The expansion of men's market gardening may lead to a decrease in the availability of local plants for the diet. Men have pushed women and women's crops out of the gardening niche. In the process, many garden plants maintained by men, and associated with urban consumers, have replaced local plants, which are linked with women and the saucepot in Niamakoroni gardens. Today's male market gardeners are not interested in maintaining women's sauce crops, unless there is a suitable urban market for them, for bitter eggplant. Indeed, most men see women's plants, especially traditional leaf crops and wild sauce plants, as weeds to be removed in favour of income-earners such as tomatoes or bananas. The well-manicured market gardens rarely contained traditional vegetables and wild or semi-domesticated plants.

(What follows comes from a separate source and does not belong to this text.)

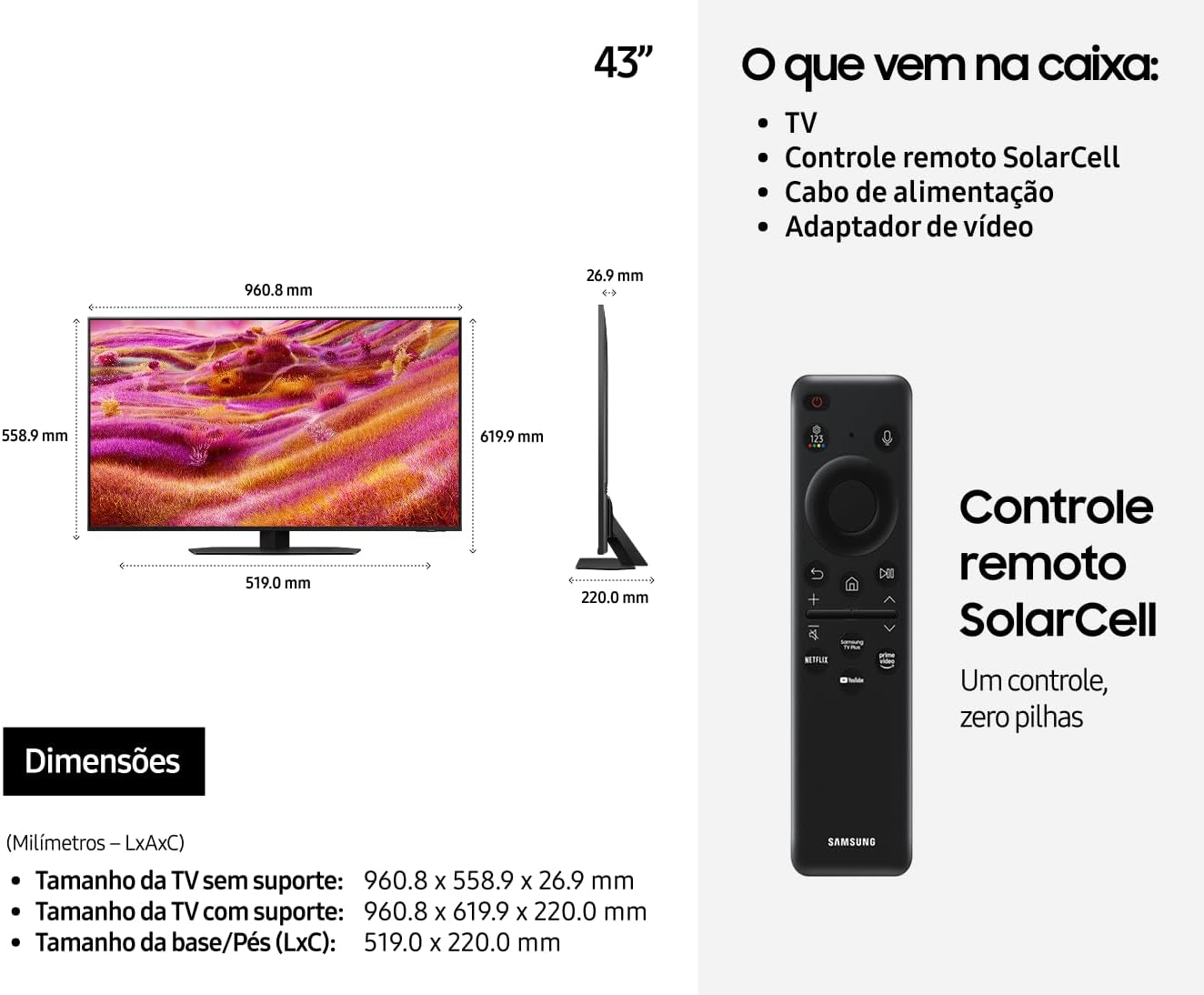 Cada detalhe ganha vida com o poder do Mini LED. Mini LEDs Pro Samsung. A imagem ganha mais detalhes com 40 Mini LEDs que substituem cada LED convencional, entregando brilho mais intenso, contraste profundo e cores mais vibrantes.

In short, lacking access to traditional gardening and collecting areas, women had fewer options when it comes to making their sauces. Although this result has not been documented, a change in local culinary patterns may be underway. Ironically, by growing and selling garden crops, male gardeners may be contributing to a decline in the nutritional value of their own meals. Without access to appropriate gardening niches, women lack the opportunity to maintain traditional plant resources in situ. While some of their traditional plants may be suitable for upland cultivation, during the rainy season, many more wild or semi-domesticated plants are adapted to the low-lying stream areas. Thus, this situation presents a challenge for the maintenance of viable locally adapted plants and, over time, to the continuity of local knowledge of these tried and true species. In short, without continuous management, it is possible that these species may be locally eroded.

The threat to local plant biodiversity is not limited to garden areas. A number of important secondary environmental effects are related to the development of men's market gardening in Niamakoroni. Without access to lowlands for sauce production, or other alternatives for income-generation, women are increasingly focusing their attention on the exploitation of other local, bush-based plant resources for food and for income generation in support of their domestic cooking obligations (Wooten, 1997). Specifically, they are expanding their commercial production of charcoal, shea nut butter and toothbrushes made from plants. In interviews, several women noted that they use the proceeds from these activities to secure sauce items for their household meals. All of these activities are dependent upon the use of wild native plant resources. Women's expanding use of these resources reveals what may represent a vicious cycle. Without access to garden spaces, women may over-exploit bush resources to acquire income for sauce ingredients they can no longer produce locally.